During contract negotiations one year, talks broke down between his agent and the Jazz. John respectfully told his agent he’d take care of it, and with a handshake agreed to terms with the owner.
Friend to All
John invited me and my wife Mary, a GU classmate of John’s, to a dinner in his honor in Salt Lake City on the occasion of the retirement of his #12 Jazz jersey. One speaker after another told of things that made John the true gentleman that he was . . . none of the stories focused on his amazing NBA career, never mind he remains the league’s career leader in steals and assists, and is a 10-time NBA all-star.
Longtime teammate and fellow Hall of Famer Karl Malone talked about his mom’s illness, and the daily calls he’d receive from John asking how she was doing. When she died, Malone planned a small funeral service in a secluded part of Louisiana where he grew up. He expected only a handful to find the place in the back-country bayou, and welled with tears as he recalled seeing John enter the church.

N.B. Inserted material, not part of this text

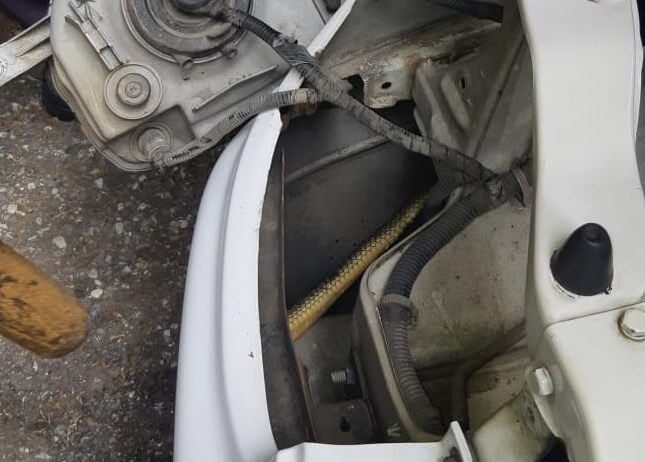 Чтобы вытащить змею, спасатели сняли фару автомобиля и открутили передний бампер. Змею отпустили — это был обычный полоз.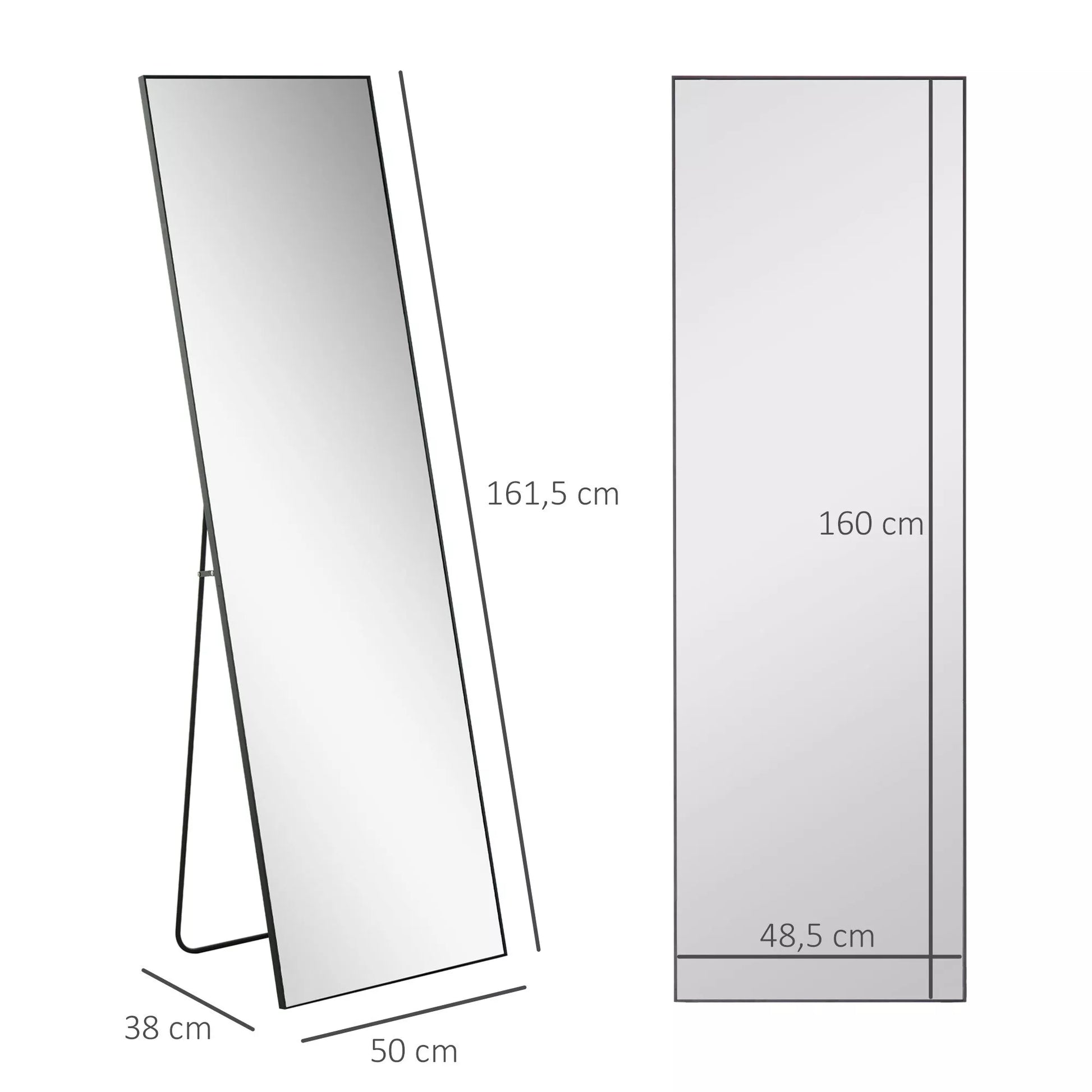 Didelis pastatomas veidrodis, sieninis veidrodis, viso kūno veidrodis, 161,5 cm, sidabrinis

Coach Jerry Sloan talked about a friend whose 14-year-old son was dying of cancer. Well aware of the demands on his players’ time, he was reluctant to ask John for a favor. But in his passion to help a friend, Sloan asked John if he’d visit the youngster in an Ogden, Utah hospital. John agreed as long as “there’s no media or publicity about this,” Sloan recalled. His voice cracking, the coach told of the more-than-one-hour visit John had with this young man, talking basketball and whatever else was on the kid’s mind, both faces lighting up throughout the conversation. A day later the young lad died, perhaps at peace.
Gonzaga employee Cindy Perry recalls a time when her son, playing first base on the same team as John’s son, stretched for an errant throw and the hitter ran through his arm and broke it. Behind the scenes, John reportedly contacted and arranged for his orthopedic doctor to tend to this young man in the hospital ER. “We knew each other only through our connection to the baseball team, yet he went out of his way to make sure our son was seen by the best,” Cindy said. “But I suspect he’ll never admit being the one who arranged this special care for our son.”
So while John Houston Stockton is inducted into the WCC Hall of Honor for his basketball prowess, it is his human qualities that make him a hall-of-famer in the minds of those who know him best.